» Exercise description
Restate word for word the opening line of the data below and every line after it until the line with "Prodaje se prostran", that line too, but not the pictures.

» Data for this exercise
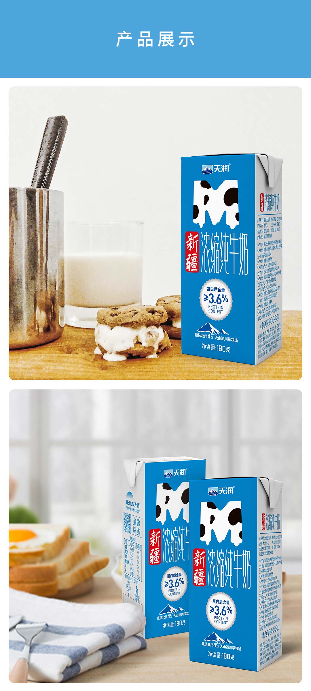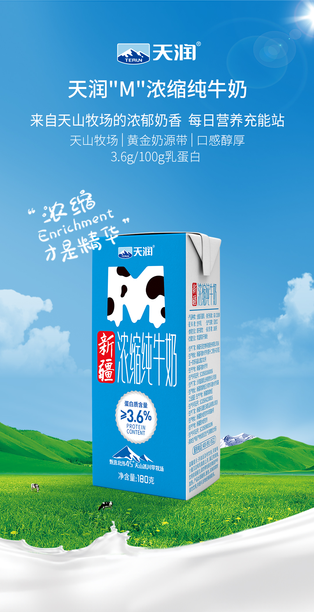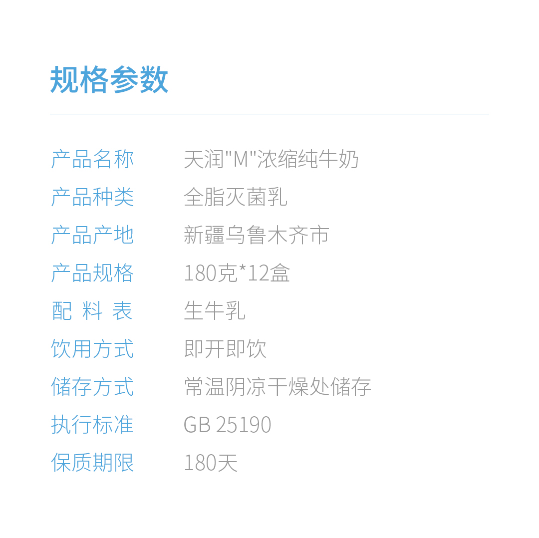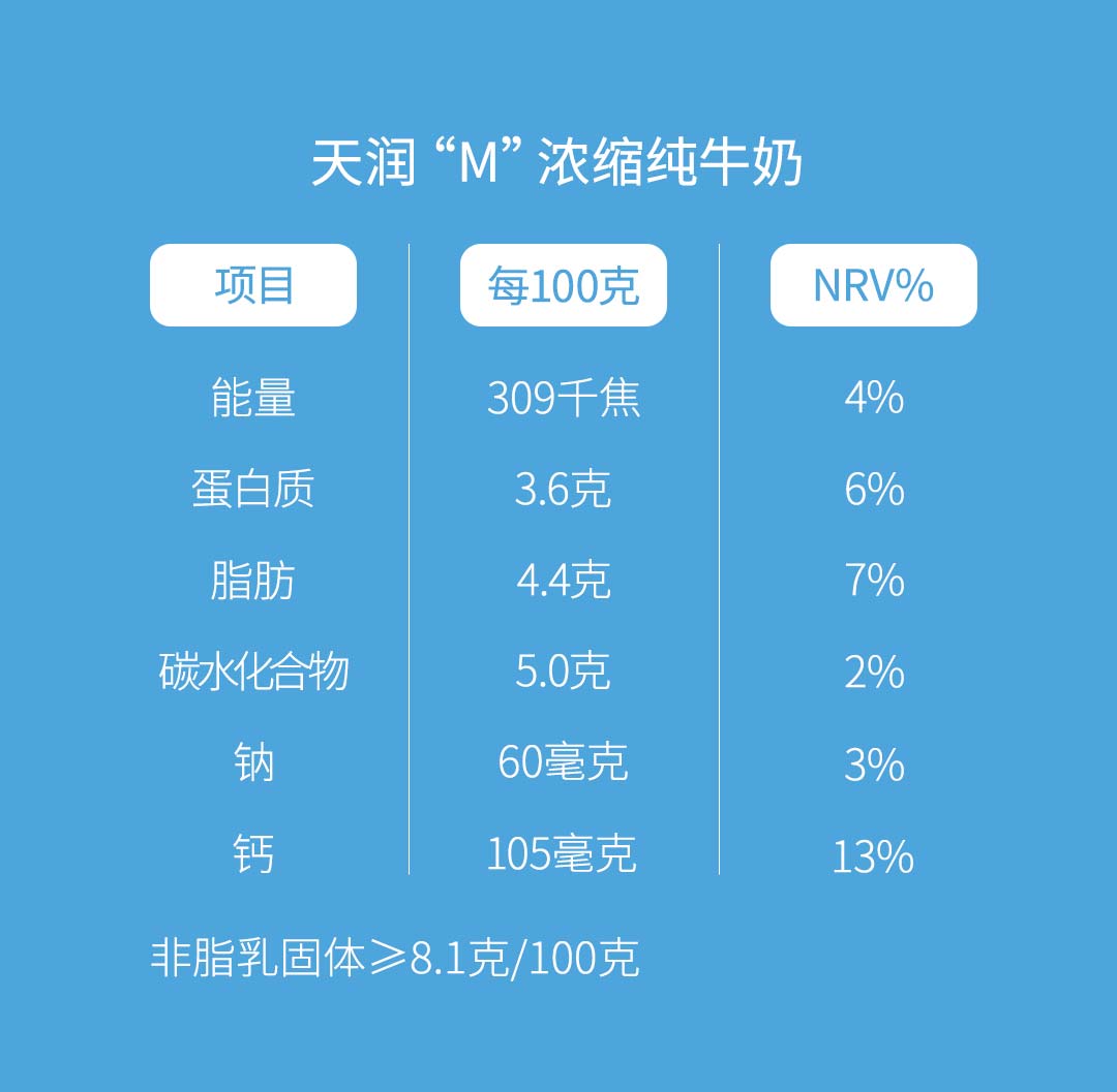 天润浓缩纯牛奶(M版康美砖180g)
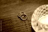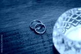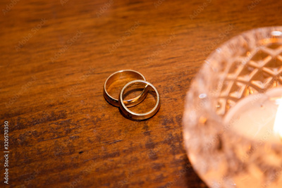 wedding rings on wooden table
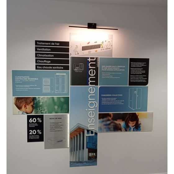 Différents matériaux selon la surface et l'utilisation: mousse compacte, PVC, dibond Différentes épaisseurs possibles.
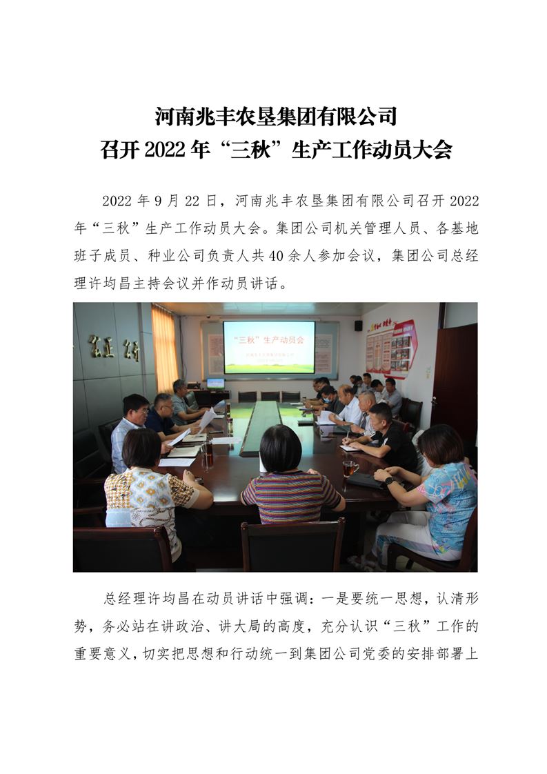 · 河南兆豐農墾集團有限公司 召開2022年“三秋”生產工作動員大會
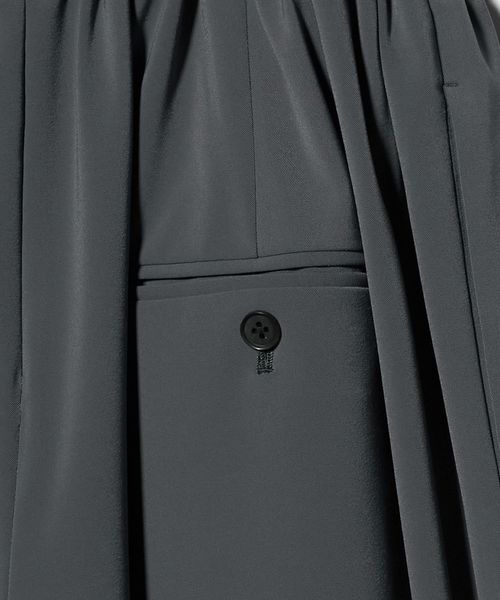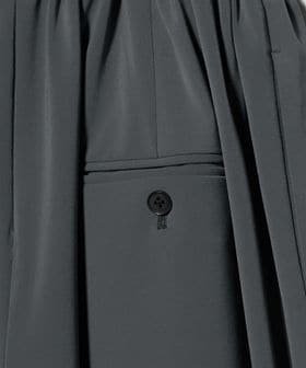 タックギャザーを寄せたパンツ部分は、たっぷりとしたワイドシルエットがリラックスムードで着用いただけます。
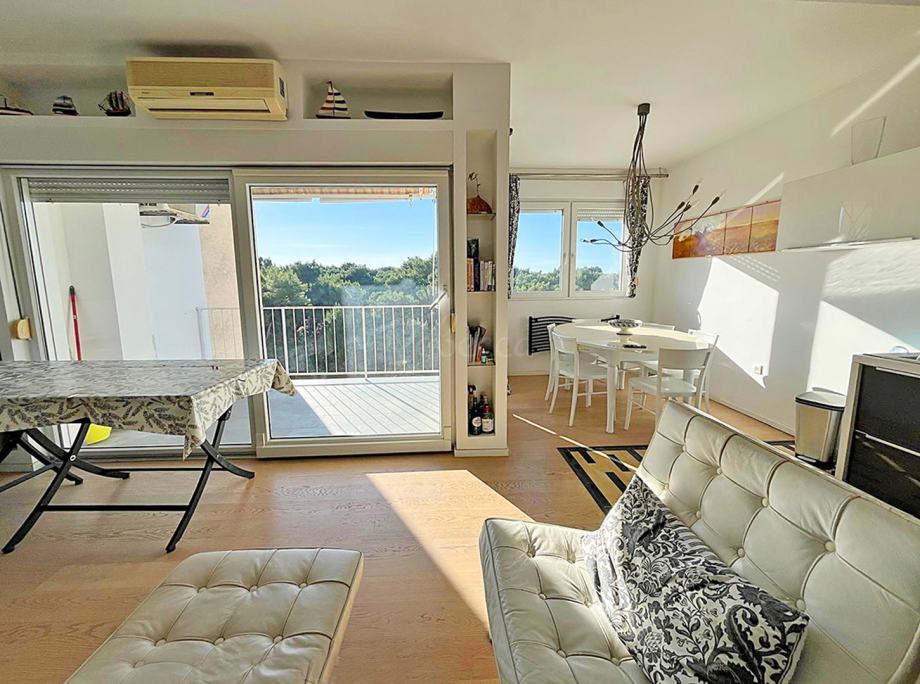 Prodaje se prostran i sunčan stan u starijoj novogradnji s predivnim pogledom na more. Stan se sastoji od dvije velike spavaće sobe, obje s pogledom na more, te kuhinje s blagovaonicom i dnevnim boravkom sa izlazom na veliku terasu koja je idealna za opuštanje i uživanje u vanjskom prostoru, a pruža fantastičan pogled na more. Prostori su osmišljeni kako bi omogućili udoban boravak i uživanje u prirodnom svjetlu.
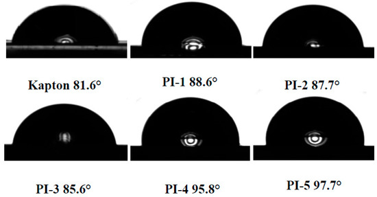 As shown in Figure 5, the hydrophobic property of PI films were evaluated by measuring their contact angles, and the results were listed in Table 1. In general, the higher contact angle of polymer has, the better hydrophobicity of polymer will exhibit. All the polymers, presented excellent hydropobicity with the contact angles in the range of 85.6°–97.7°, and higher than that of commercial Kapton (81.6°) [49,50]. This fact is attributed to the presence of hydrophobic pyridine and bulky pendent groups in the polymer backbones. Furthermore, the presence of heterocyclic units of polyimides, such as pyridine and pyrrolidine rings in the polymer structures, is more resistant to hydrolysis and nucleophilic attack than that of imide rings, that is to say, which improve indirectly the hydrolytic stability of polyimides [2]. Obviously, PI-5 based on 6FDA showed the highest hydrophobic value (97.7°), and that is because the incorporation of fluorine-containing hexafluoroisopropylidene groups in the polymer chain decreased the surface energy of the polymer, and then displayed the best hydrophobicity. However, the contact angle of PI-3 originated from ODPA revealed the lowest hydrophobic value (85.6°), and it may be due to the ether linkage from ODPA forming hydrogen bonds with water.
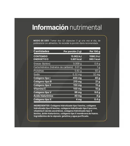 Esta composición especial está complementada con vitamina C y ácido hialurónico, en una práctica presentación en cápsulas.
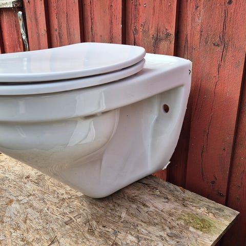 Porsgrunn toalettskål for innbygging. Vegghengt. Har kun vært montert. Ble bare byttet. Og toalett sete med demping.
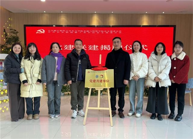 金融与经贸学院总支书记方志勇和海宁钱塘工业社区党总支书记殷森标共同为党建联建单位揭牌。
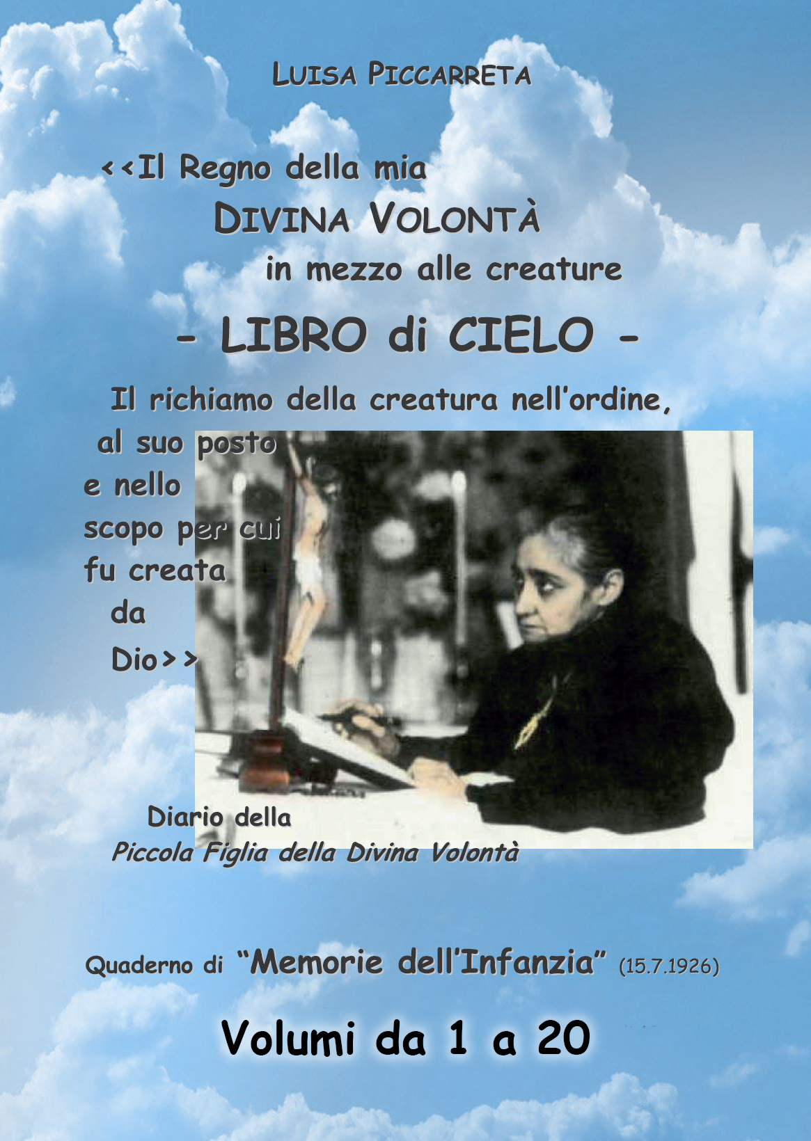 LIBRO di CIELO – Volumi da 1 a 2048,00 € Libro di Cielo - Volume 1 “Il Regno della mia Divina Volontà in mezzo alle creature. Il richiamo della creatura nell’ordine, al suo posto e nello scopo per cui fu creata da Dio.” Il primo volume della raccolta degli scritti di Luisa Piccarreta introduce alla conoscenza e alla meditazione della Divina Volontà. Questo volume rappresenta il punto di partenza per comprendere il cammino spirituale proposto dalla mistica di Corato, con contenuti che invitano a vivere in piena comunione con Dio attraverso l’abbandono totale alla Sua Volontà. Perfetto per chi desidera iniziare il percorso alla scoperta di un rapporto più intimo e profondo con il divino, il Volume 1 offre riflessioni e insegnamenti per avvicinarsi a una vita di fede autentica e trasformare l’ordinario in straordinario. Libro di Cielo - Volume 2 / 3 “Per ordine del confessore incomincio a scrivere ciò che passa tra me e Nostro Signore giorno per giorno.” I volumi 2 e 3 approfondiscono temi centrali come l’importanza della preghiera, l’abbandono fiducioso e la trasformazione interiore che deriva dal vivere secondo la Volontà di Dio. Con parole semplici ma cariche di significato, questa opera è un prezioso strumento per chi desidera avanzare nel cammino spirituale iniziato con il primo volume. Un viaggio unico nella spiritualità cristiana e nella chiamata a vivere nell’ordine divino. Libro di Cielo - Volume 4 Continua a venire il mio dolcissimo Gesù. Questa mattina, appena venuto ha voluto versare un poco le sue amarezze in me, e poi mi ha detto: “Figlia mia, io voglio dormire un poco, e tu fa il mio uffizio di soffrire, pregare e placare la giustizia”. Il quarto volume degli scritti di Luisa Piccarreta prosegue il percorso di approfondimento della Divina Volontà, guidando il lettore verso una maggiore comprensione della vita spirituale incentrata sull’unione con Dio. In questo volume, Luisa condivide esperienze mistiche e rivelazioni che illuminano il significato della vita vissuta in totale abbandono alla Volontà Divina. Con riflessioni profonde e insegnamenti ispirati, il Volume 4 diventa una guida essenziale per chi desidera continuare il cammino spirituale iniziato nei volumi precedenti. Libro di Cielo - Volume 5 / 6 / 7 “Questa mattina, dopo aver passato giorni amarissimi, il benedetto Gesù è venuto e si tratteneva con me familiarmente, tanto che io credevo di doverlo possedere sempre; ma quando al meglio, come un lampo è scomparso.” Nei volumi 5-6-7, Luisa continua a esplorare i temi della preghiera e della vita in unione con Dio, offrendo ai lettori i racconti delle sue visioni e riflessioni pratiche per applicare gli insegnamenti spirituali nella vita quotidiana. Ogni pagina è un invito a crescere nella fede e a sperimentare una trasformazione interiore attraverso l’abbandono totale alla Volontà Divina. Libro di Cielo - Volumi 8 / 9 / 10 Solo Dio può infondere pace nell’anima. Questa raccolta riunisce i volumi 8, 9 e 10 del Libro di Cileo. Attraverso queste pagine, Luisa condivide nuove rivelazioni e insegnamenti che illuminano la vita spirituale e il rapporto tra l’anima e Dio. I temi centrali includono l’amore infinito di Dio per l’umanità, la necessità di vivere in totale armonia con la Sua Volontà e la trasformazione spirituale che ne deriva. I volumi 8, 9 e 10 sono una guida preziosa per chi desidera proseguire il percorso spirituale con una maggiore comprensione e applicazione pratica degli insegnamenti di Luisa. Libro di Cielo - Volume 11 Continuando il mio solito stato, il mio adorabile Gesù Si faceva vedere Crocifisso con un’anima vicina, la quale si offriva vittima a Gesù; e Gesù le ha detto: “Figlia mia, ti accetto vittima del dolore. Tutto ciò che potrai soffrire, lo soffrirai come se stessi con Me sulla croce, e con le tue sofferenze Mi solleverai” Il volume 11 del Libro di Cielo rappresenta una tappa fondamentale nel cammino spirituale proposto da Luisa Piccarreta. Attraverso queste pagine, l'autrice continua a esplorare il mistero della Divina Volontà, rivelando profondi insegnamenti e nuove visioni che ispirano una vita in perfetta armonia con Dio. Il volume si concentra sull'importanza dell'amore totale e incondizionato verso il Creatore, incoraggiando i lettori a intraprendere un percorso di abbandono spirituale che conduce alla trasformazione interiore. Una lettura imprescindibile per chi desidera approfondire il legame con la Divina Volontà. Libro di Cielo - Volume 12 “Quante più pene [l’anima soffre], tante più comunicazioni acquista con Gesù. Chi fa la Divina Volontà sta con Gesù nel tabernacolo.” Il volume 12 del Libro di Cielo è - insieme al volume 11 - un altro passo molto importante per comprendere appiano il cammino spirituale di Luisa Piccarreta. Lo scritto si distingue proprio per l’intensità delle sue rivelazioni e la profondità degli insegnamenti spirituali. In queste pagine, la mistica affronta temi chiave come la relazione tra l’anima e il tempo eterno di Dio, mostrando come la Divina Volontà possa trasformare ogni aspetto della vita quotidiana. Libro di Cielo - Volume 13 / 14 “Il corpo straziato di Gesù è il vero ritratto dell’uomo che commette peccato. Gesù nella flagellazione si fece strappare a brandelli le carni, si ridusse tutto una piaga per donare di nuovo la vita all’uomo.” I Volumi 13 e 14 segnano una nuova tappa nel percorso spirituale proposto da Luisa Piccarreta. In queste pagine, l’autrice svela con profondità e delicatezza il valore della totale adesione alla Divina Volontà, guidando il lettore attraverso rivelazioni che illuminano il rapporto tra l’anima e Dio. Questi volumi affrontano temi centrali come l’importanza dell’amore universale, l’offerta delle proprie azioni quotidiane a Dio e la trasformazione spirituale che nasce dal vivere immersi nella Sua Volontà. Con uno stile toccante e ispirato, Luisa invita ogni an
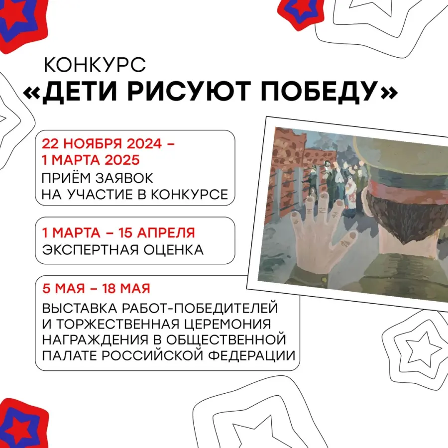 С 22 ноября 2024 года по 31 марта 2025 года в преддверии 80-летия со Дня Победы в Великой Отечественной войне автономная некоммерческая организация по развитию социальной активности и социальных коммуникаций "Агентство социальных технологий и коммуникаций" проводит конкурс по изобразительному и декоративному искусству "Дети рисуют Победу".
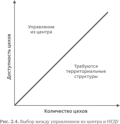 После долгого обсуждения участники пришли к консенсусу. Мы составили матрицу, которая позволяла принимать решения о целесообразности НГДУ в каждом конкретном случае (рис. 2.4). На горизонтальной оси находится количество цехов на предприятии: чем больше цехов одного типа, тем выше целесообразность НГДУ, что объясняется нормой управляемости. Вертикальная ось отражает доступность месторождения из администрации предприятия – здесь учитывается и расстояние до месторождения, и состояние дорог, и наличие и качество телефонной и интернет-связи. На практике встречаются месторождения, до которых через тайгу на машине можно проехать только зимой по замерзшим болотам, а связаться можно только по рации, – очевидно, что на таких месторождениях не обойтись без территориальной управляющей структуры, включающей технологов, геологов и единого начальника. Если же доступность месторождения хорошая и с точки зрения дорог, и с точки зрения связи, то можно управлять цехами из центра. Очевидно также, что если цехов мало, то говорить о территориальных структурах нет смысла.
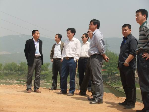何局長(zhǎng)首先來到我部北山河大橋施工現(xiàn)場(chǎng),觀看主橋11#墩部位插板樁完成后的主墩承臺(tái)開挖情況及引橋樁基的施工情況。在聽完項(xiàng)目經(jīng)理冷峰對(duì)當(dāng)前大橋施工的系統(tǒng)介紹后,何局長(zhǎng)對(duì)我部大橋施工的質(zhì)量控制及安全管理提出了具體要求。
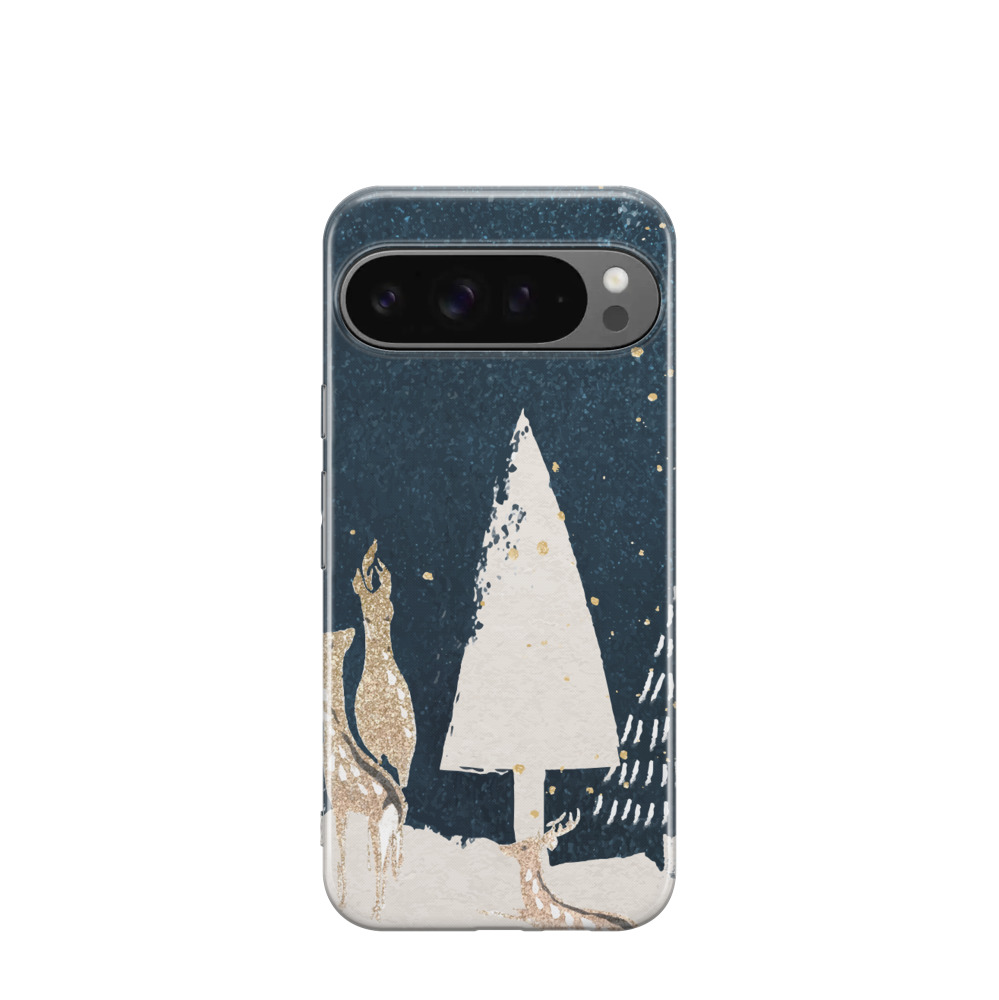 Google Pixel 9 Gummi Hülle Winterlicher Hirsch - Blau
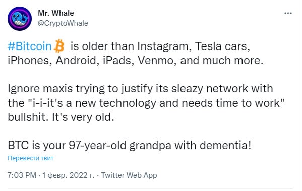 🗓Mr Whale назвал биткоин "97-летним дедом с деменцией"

» Problem solution
 天润浓缩纯牛奶(M版康美砖180g)
 wedding rings on wooden table
 Différents matériaux selon la surface et l'utilisation: mousse compacte, PVC, dibond Différentes épaisseurs possibles.
 · 河南兆豐農墾集團有限公司 召開2022年“三秋”生產工作動員大會
 タックギャザーを寄せたパンツ部分は、たっぷりとしたワイドシルエットがリラックスムードで着用いただけます。
 Prodaje se prostran i sunčan stan u starijoj novogradnji s predivnim pogledom na more. Stan se sastoji od dvije velike spavaće sobe, obje s pogledom na more, te kuhinje s blagovaonicom i dnevnim boravkom sa izlazom na veliku terasu koja je idealna za opuštanje i uživanje u vanjskom prostoru, a pruža fantastičan pogled na more. Prostori su osmišljeni kako bi omogućili udoban boravak i uživanje u prirodnom svjetlu.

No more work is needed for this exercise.